## TASK DETAILS
Below are some records. Return exactly their lines from the one containing "さらに、実家での長男の様子も" through the one containing "前面已经提到,在一个ndar", and drop the pictures.

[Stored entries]
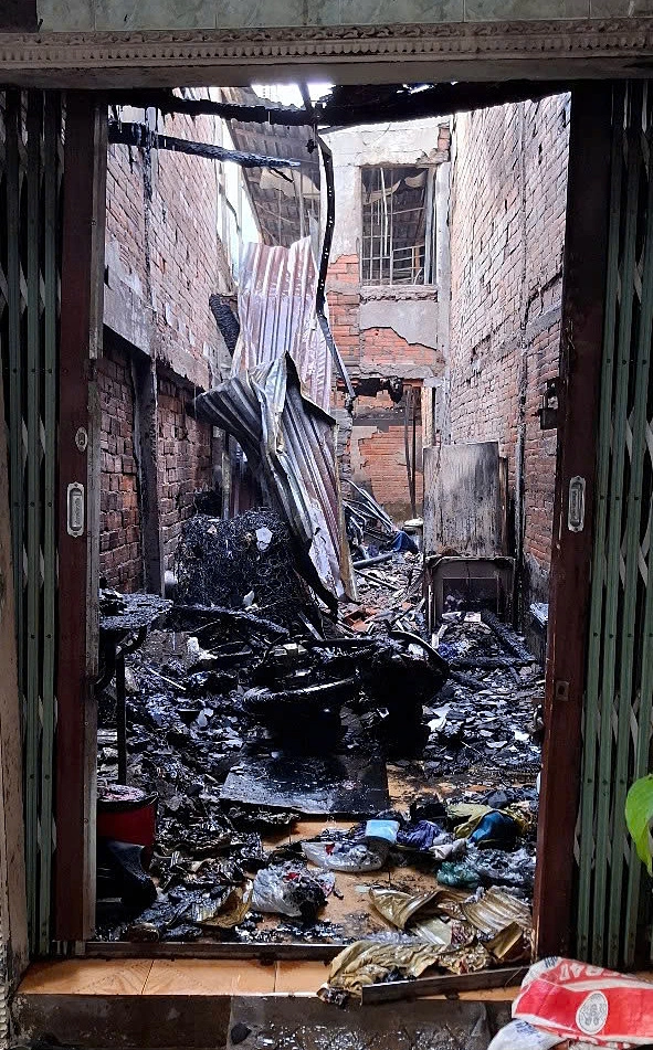 Căn nhà cháy có bề ngang hẹp. Ảnh: Công an Tiền Giang
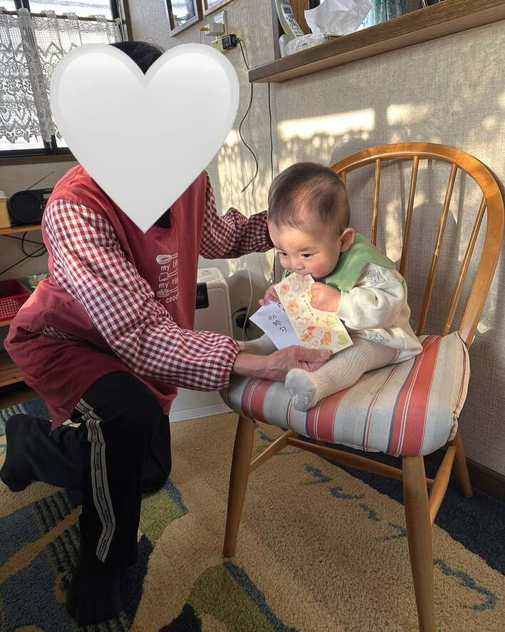 さらに、実家での長男の様子も投稿。祖母とみられる人の隣で、大人用の椅子におとなしくちょこんと座り、無邪気に紙を口に入れて遊んでる姿や...
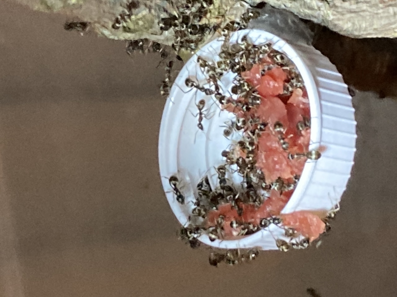 Gerade die "kleinen" freut's, denn die Temnothorax stehen wohl gerade im Vergleich zu den anderen Arten, die auch mal Fleisch annehmen, mehr auf das Fluggetier.
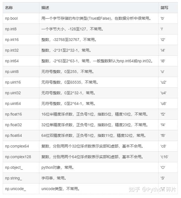 前面已经提到,在一个ndarray对象中,存储的是同一类型的数据,ndarray中常见的数据类型有下表这些。
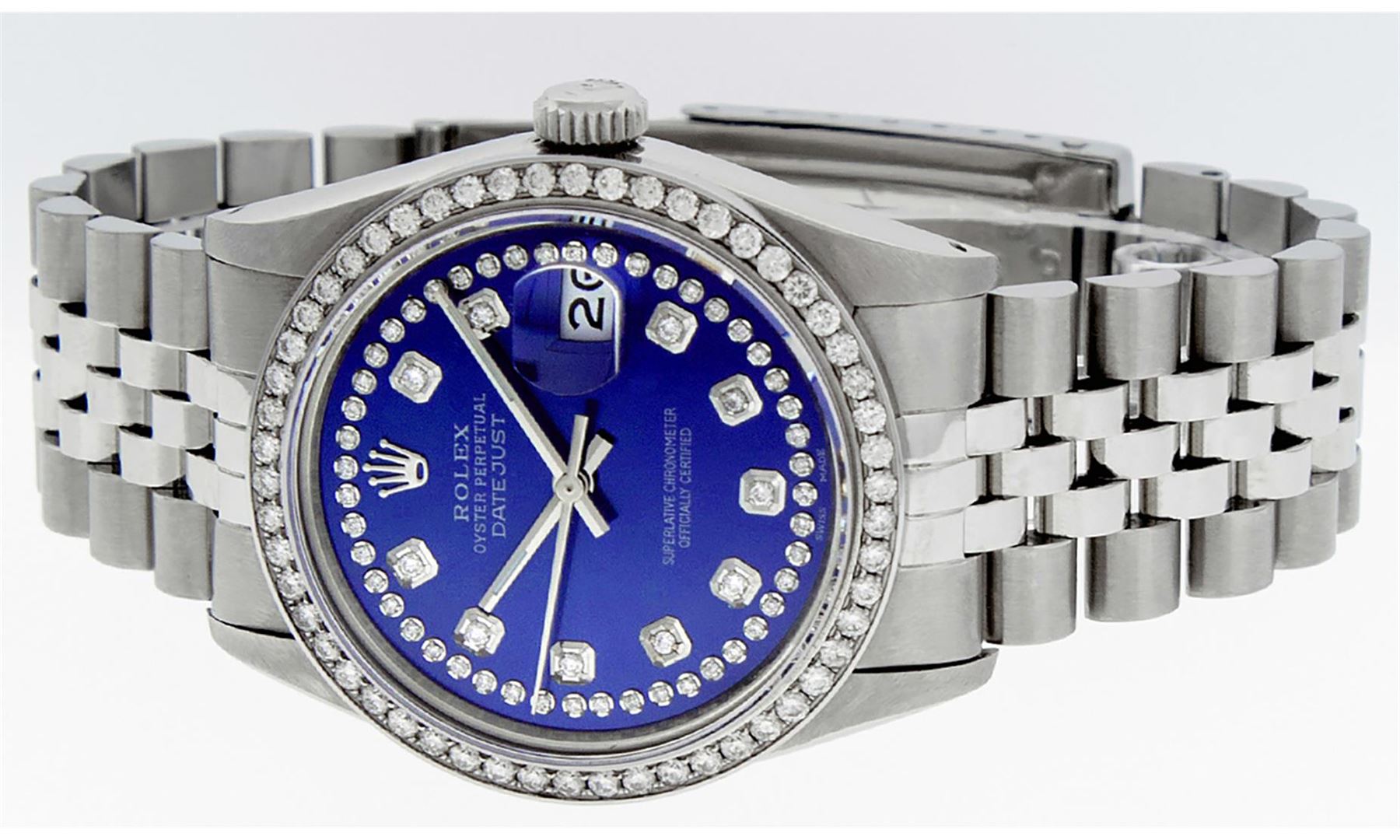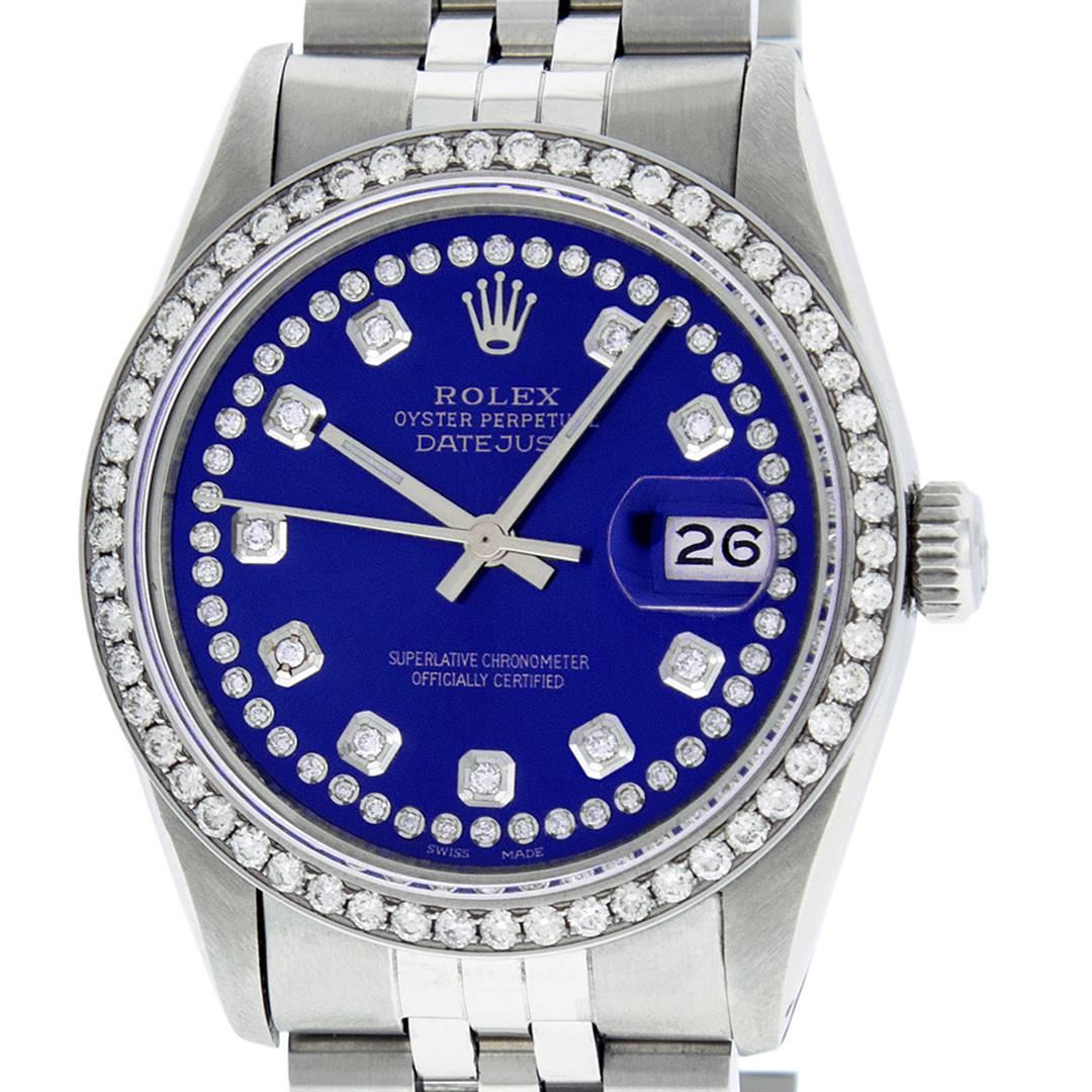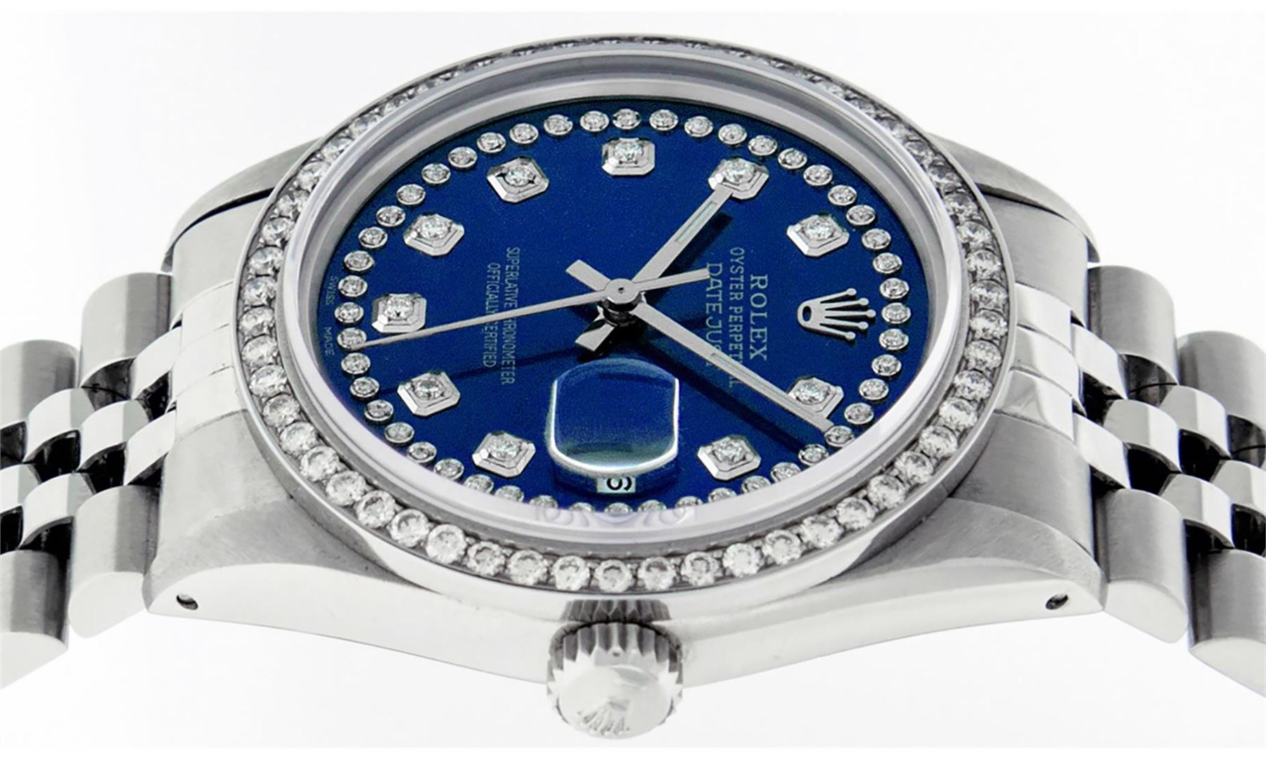 One Men's Rolex Stainless Steel Datejust Polished Bright with Satin Finish, This Watch Has Been Serviced & Electronically Tested, Stainless Steel Case: 36mm, Stainless Steel Crown, Custom Bezel: New Stainless Steel Beadset Diamond Bezel, Diamond Count: 54 Diamonds, Total Weight 1.00 Carat, Clarity: SI-VS, Color: G to H. Custom Crystal: New Synthetic Sapphire Cyclops Lens. Custom Hands: New Luminescent Hands. Movement: Automatic Winding Movement Caliber 3035. Custom Dial: Blue String Diamond Dial, Diamond Count: 58 Diamonds In Dial, Color: G to H, Clarity: VS2-SI1. Date Window: 3 O'clock Position Date Display, Quickset, Model: Datejust. Condition: G-6 Extra Fine. Bracelet: Stainless Steel Jubilee Band. Bright Polish & Satin Finish. 7.0 Inch Length, Adjustable. Standard Clasp, With Rolex Logo. This Watch Has Been Serviced Time Tested And Is In Excellent Condition It Is Free Of All Scratches And Dents.

## YOUR SOLUTION
 さらに、実家での長男の様子も投稿。祖母とみられる人の隣で、大人用の椅子におとなしくちょこんと座り、無邪気に紙を口に入れて遊んでる姿や...
 Gerade die "kleinen" freut's, denn die Temnothorax stehen wohl gerade im Vergleich zu den anderen Arten, die auch mal Fleisch annehmen, mehr auf das Fluggetier.
 前面已经提到,在一个ndarray对象中,存储的是同一类型的数据,ndarray中常见的数据类型有下表这些。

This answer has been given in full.